Trissiny actually grinned at her. “Each gatehouse has a side door, just the kind of thing a thief can breach. I’ll walk you through it on the way.”

“Mmmm. They entered through the north gatehouse,” Aradeus added, again sniffing the air. “Mm. Yes. That door is not secured…yet. These are not military people, nor planning to hold the fortress; they are after the King. Not expecting to be attacked from behind, and overconfident in their weapons. You can get in the same way they did.”

“And once you’ve opened the gates,” Trissiny said, nodding, “the rest of these reinforcements will aid us in taking back the fortress. Who, exactly, is coming?” she added, turning to Aradeus.

“Mmmm, that is the best part,” he said, giving her a huge grin. “People you know… Know very well. But you will need to hold that gate open for them, Trissiny, Hand of Avei. Mmm, yes. They are going to be delayed.”


The appeared in a harbor warehouse, with the storm pounding against its walls and the windows rattling under its fury. The Avatar had teleported them so abruptly the group lost seconds to sheer disorientation. Then, they reflexively clustered together, even Fross darting to hover above the center of their formation.

They were not alone.

This particular warehouse was clearly serving as a living space; there were rows of beds and other furniture marking of a sleeping area to one side, as well as other sections delineated by cheap wooden dividers or simply the furniture within to indicate its purpose. A makeshift kitchen and armory were apparent at a glance, but the group didn’t bother to study the rest in more detail, being more concerned with the people present.

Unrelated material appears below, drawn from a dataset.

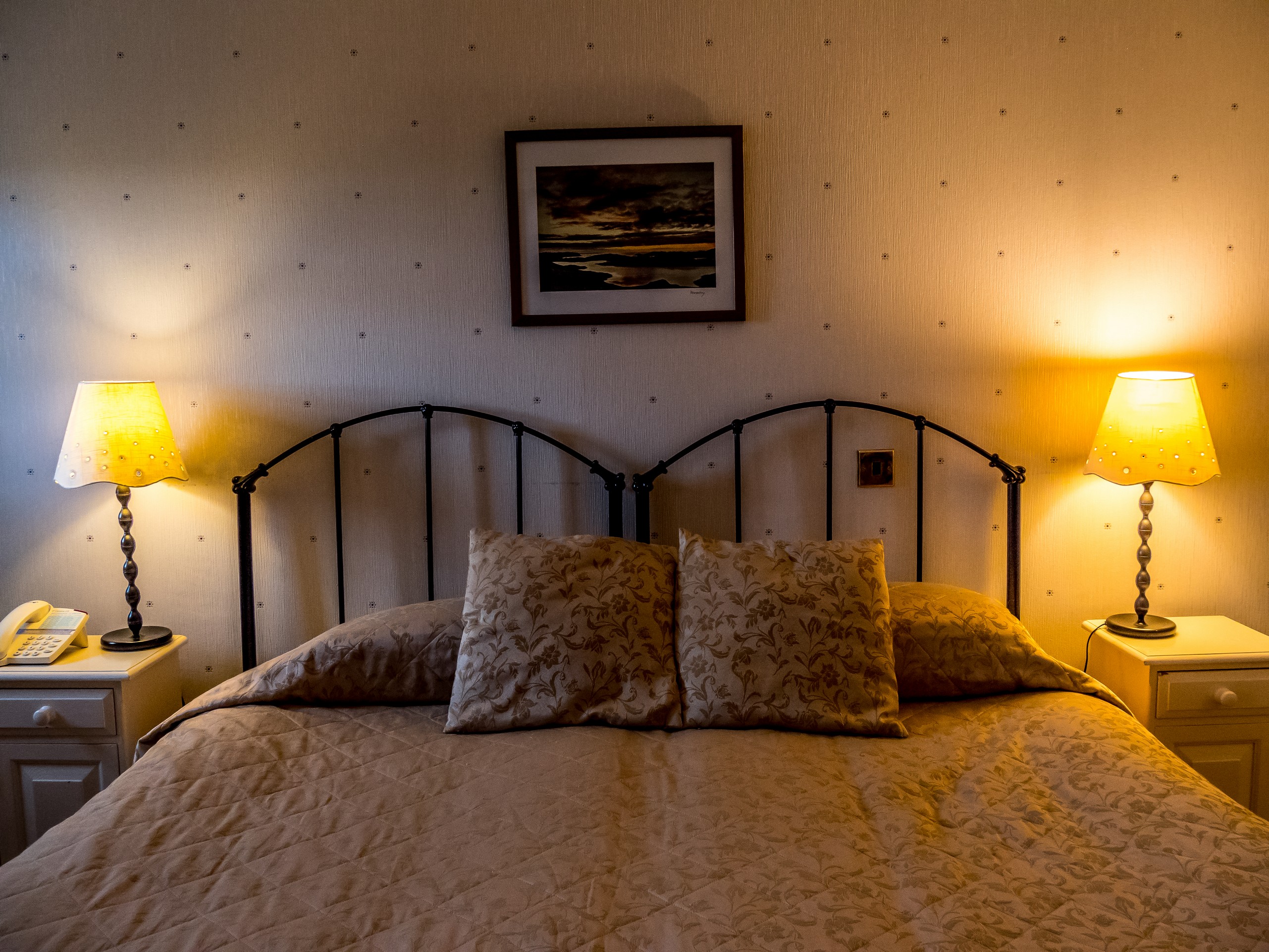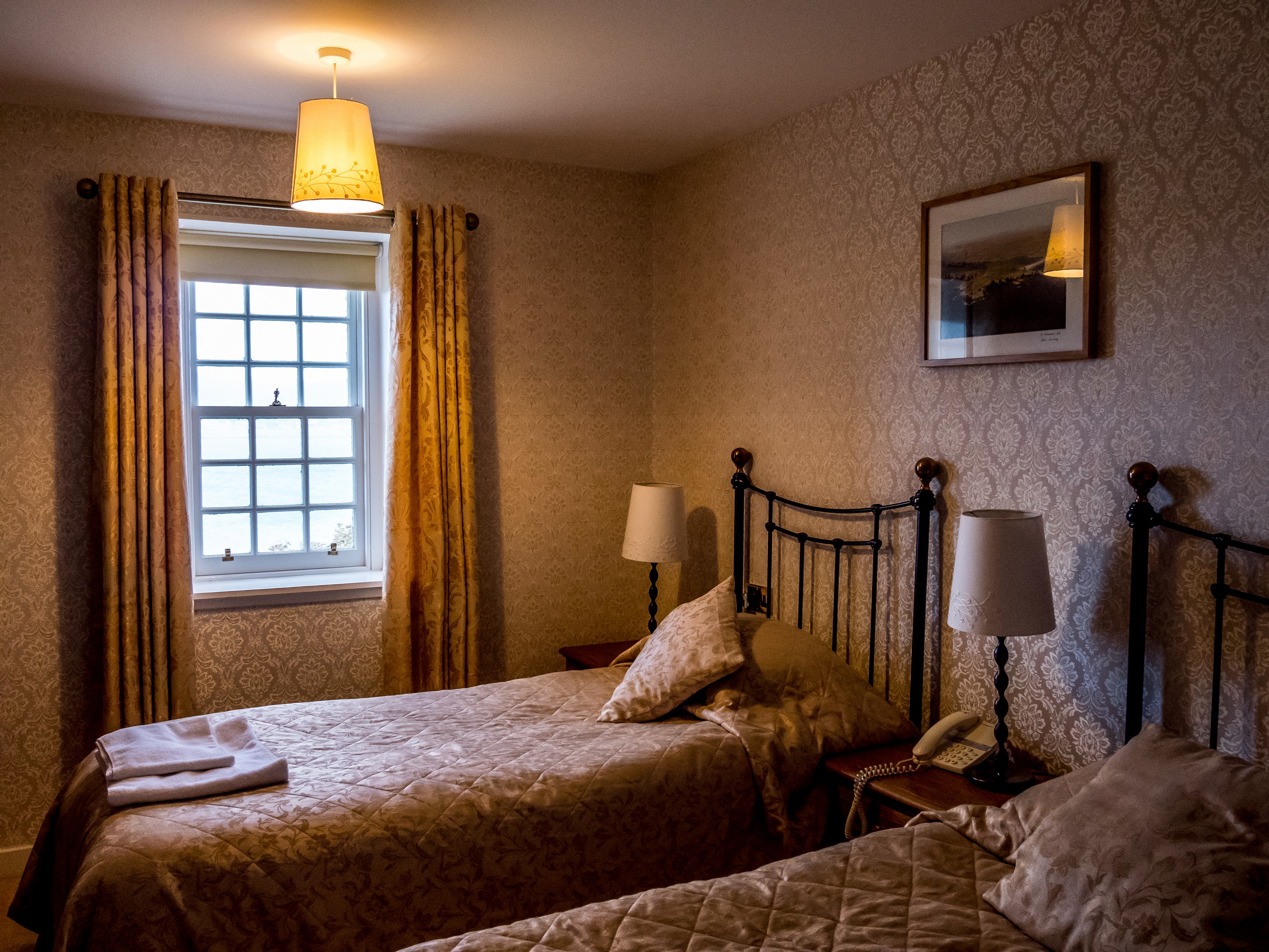 Nous avons d’abords séjourné au Grand Hotel, pile au milieu de Commercial Street (la bien nommée, vu son nombre de magasins), l’axe principal de Lerwick. Cet hôtel est logé dans une belle demeure en pierre grise, avec une architecture très écossaise. L’intérieur semble aussi avoir été figé dans le temps, tout comme la déco des chambres qui mériteraient un bon coup de rafraîchissement. Néanmoins, elles ne manquent de rien (et il existe même des chambres « single »). Un bon point pour la belle salle du petit-déjeuner avec une vue sur le vieux port de Lerwick. De quoi vous mettre en joie en dégustant votre bacon et commencer votre journée sur le bon pied ! Comptez 210 Euros pour une nuit.

The warehouse was packed with people sheltering from the storm. A surprising number of them were armed, with swords, wands and staves. Milady, Principia, and the students landed right in the center of the space, directly in front of a makeshift dais made by stacked crates, upon which a man had been clearly in the middle of giving a speech. He gaped at them, arms still upraised in an interrupted gesticulation.

After a shocked moment, every weapon in the place was pointed at them.

“Identify yourselves!” the man on the platform finally commanded, regathering his poise.

“Uh…how ’bout you first?” Gabriel suggested.

“This is our home, and you are the intruders, here.” The speaker was regaining equilibrium by the moment, and now leveled a finger at them dramatically. “You trespass upon the domain of the Infinite Order!”

A short silence fell.

“You cannot be serious,” Milady finally said with a sigh.

“So help me,” Ruda growled, “I am going to find a way to get back down there and kill that fucking purple glowshroom.”